To what extent rates of emergency amputation for lower extremity vary across the United States is unknown. Prior work studying similar access-sensitive surgical conditions, such as abdominal aortic aneurysm which can rupture or ventral hernias which can strangulate, have been proposed as an indicator of surgical access given that a delay in care can result in an emergency operation.58 These studies have shown that rates of emergency surgery for access-sensitive surgical conditions vary widely across the United States with unclear underlying mechanisms. Despite the growing area of interest of these conditions, lower extremity amputation has not yet been rigorously evaluated as an access-sensitive surgical condition and its variation in emergency rates is not well understood.

In that context, we evaluated Medicare beneficiaries who underwent a lower extremity amputation between 2015–2020 stratified by their location in the country. We then evaluated rates of emergency lower extremity amputations, time and distance traveled to hospital. We hypothesized that there will be a wide variation in the rate of emergency lower extremity amputations in the United States and travel may be a barrier to timely access.

METHODS

Data Source, Procedures, Study Cohort

Data from the Medicare Provider Analysis and Review (MEDPAR) files between fourth quarter of 2015 and 2020 were used for this study.

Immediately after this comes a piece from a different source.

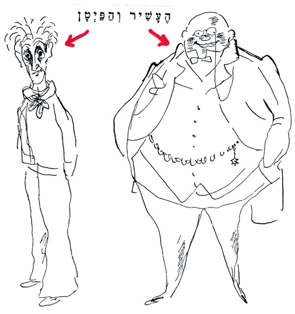 ולמרות שכמעט איש מחבריו המשוררים לא היה כל כך רזה, גוטמן צייר אותו כמעט מורעב, רק כדי לנגד אותו עם העשיר השמן.

We excluded patients who received care during the COVID-19 pandemic. Beneficiaries undergoing lower extremity amputations were identified using International Classification of Diseases, Tenth Revision, Clinical Modification (ICD-10) codes (supplement 1). Lower extremity amputations included foot, below the knee and above the knee amputations. We excluded minor amputations such as toe or transmetatarsal amputations. Patient demographic data included age, race, ethnicity, demographic information, and comorbidities. Elixhauser comorbidities were used to stratify number of comorbidities, as used in prior analyses of surgical cohorts using Medicare claims data.9,10 11 Beneficiaries younger than 65 years or older than 99 years were excluded. Race and ethnicity was provided by the MEDPAR file and was used as a social construct, not a biological risk factor, in our analysis.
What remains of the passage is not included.